WHAT IS REQUIRED: After finding the line with "2d light red-brown" in the data below, set down exactly each line through the one with "Μην χάσετε αυτήν", inclusive, and stop there.

INFORMATION:
◆ ◆ ◆ ◆ ◆ ◆ ◆

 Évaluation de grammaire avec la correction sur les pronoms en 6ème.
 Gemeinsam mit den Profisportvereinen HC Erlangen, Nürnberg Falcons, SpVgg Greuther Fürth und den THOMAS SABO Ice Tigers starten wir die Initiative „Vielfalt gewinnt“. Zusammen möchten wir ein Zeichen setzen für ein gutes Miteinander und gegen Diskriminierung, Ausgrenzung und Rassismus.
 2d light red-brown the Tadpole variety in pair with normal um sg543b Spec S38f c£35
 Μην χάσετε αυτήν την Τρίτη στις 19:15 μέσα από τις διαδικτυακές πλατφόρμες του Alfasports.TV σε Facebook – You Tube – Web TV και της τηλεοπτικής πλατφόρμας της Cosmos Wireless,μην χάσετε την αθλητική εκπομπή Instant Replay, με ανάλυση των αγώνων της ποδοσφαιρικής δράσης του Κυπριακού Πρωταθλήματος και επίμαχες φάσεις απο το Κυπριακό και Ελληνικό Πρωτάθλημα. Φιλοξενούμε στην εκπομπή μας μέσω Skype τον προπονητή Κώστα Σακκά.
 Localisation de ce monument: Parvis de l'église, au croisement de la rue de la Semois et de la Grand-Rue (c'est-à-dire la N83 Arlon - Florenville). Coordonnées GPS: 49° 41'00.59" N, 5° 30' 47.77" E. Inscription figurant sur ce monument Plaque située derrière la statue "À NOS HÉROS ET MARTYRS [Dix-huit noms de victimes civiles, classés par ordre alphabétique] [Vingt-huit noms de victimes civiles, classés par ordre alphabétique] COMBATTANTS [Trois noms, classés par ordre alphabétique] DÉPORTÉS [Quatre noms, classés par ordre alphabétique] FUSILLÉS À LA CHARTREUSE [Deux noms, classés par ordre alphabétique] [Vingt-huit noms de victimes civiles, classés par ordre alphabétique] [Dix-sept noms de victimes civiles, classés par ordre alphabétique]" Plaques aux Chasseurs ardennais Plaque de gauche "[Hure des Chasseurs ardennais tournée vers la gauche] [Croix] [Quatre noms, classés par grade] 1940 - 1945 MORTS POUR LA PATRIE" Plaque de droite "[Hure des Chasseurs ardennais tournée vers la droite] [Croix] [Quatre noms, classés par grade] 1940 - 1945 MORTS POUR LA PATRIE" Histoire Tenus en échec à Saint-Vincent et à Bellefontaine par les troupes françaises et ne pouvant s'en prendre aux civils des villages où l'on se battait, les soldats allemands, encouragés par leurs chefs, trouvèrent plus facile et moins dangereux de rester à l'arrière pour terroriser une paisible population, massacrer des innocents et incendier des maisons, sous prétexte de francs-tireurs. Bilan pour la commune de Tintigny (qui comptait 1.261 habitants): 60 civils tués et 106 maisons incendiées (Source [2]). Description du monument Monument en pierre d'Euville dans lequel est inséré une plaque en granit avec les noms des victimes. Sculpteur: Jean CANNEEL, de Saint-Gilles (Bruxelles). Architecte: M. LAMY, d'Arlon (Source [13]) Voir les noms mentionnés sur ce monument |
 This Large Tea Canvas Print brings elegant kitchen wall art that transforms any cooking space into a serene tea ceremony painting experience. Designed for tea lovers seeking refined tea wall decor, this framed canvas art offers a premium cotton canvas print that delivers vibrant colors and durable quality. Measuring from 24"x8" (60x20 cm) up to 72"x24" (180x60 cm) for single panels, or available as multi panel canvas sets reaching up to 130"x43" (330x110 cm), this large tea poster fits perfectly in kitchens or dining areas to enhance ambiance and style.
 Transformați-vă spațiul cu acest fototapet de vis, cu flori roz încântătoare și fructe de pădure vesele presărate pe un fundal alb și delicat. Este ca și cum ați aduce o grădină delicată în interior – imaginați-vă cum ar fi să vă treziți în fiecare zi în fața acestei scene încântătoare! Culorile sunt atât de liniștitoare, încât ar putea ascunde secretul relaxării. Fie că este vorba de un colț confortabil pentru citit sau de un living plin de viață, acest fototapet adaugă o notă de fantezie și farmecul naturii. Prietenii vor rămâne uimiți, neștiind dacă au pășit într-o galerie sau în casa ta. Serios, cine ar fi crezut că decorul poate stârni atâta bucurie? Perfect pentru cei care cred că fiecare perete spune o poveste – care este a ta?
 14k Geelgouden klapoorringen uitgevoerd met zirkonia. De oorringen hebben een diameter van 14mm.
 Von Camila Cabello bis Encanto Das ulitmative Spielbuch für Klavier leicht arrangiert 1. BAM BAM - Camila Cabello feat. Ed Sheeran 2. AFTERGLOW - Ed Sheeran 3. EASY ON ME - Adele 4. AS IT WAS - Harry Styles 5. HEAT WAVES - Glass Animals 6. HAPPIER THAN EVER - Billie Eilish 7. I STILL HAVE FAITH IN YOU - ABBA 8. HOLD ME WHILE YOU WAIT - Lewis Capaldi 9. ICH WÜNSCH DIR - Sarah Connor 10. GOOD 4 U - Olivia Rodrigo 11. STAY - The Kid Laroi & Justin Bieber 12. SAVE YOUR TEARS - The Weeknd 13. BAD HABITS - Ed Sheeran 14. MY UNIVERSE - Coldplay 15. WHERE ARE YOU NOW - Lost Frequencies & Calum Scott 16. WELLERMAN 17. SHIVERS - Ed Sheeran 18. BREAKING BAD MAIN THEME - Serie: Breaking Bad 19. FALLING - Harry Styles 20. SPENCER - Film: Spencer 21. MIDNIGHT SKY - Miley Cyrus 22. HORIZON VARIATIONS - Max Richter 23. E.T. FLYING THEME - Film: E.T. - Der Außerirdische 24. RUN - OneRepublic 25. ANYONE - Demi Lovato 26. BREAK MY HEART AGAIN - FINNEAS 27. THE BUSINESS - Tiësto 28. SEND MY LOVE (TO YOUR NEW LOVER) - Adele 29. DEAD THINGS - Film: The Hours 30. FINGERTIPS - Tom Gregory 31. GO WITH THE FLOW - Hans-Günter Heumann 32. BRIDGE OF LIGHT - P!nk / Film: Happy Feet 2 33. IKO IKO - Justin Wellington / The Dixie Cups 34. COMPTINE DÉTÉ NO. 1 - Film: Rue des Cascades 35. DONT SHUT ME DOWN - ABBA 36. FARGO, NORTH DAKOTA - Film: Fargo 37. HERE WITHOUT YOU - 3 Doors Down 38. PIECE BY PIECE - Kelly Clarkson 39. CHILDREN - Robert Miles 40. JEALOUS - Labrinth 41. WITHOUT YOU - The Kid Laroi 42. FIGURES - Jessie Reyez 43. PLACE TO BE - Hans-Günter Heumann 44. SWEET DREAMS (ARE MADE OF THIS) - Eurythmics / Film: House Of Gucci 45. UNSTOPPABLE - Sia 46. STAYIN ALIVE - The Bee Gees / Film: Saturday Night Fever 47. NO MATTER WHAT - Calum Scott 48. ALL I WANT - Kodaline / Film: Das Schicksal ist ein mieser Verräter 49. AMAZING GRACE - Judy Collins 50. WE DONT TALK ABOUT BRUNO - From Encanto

◆ ◆ ◆ ◆ ◆ ◆ ◆

RESULT:
 2d light red-brown the Tadpole variety in pair with normal um sg543b Spec S38f c£35
 Μην χάσετε αυτήν την Τρίτη στις 19:15 μέσα από τις διαδικτυακές πλατφόρμες του Alfasports.TV σε Facebook – You Tube – Web TV και της τηλεοπτικής πλατφόρμας της Cosmos Wireless,μην χάσετε την αθλητική εκπομπή Instant Replay, με ανάλυση των αγώνων της ποδοσφαιρικής δράσης του Κυπριακού Πρωταθλήματος και επίμαχες φάσεις απο το Κυπριακό και Ελληνικό Πρωτάθλημα. Φιλοξενούμε στην εκπομπή μας μέσω Skype τον προπονητή Κώστα Σακκά.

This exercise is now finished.